What makes Bill’s story so compelling is not that he takes on the Church in any grand fashion a la “Spotlight,” but that his inner voice and instinct win out despite Sister Mary and even Bill’s wife trying to convince him to stay quiet and do nothing. When, in the end, Bill removes an abused girl from the convent and walks her through town for all to see, back to his home, it isn’t played as some triumphant moment, but as an act of pure humanity. If it was a nervous breakdown that placed Bill in this circumstance, as Murphy acknowledges, it’s a sudden clarity and consciousness that calls forth his better angels.
“The reason, I suppose, I wanted to make it was I felt that it was — specifically about this time in Irish history and about this awful incarceration of young women and girls in Ireland during this period in time — but I felt there was a real universality to the story in terms of what Bill goes through and what he, what he actually does in the end,” said Murphy. “I felt like that people would really connect to it.”

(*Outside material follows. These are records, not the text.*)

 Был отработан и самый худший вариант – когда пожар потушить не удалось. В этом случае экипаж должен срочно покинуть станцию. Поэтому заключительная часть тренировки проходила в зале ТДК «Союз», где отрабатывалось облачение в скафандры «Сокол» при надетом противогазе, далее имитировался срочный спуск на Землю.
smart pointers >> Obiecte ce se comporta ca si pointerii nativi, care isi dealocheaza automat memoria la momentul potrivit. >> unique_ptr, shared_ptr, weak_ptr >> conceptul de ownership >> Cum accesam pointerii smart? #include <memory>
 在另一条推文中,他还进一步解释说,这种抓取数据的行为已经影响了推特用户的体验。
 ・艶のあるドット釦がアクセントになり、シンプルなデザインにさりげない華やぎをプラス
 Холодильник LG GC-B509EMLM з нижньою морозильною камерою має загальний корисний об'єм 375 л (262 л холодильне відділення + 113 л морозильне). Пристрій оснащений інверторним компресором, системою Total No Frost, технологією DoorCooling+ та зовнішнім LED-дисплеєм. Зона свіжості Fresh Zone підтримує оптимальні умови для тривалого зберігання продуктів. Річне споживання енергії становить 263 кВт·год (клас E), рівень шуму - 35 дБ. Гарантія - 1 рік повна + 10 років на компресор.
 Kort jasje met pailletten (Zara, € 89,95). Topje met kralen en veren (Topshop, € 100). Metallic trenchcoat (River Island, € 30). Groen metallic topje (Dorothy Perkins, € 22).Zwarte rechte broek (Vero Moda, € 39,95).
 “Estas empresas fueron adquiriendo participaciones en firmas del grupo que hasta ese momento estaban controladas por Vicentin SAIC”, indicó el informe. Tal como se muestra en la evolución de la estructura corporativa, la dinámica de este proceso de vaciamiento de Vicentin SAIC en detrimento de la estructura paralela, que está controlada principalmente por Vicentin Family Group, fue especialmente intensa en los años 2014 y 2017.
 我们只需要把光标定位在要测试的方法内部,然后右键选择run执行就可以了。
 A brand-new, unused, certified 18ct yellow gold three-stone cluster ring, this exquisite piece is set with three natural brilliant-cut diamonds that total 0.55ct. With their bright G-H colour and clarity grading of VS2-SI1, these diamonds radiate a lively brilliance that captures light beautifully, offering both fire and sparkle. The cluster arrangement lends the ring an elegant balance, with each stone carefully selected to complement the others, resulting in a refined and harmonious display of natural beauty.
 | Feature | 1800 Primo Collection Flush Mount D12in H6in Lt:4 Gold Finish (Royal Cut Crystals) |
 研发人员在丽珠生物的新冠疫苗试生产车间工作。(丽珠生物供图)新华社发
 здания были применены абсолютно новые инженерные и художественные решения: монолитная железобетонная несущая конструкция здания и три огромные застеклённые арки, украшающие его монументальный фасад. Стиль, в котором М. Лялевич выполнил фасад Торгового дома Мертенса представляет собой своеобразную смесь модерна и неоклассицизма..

At the same time, he isn’t trying to plant a message in anyone’s head or impress his atheistic beliefs on anyone else. Instead, Murphy hopes “Small Things Like These” brings to light a history that isn’t often discussed, but is worthy of re-evaluation.
“People can take from the film what they like,” he said. “I think good art isn’t prescriptive. It isn’t dogmatic. It should be like, ‘What do you think? Here’s the story we’re telling, what do you think?’”
As for future projects, it looks like Murphy plans on continuing to tell stories with director Tim Mielants, as they recently wrapped another production in July. The film is an adaptation of Max Porter’s novella, “Shy,” retitled “Steve,” and stars Murphy as a headteacher at a school for boys with societal and behavioral issues. The Irish actor and producer is also currently in production on the much-anticipated “Peaky Blinders” film for Netflix. As with “Oppenheimer” and “Small Things Like These,” he hopes to continue doing stories that carry an importance and get people talking.
Murphy told IndieWire, “I’m interested in stories that have a point of view and that can be entertaining, but also kind of provocative.”
“Small Things Like These” will be released in theaters by Roadside Attractions on Friday, November 8.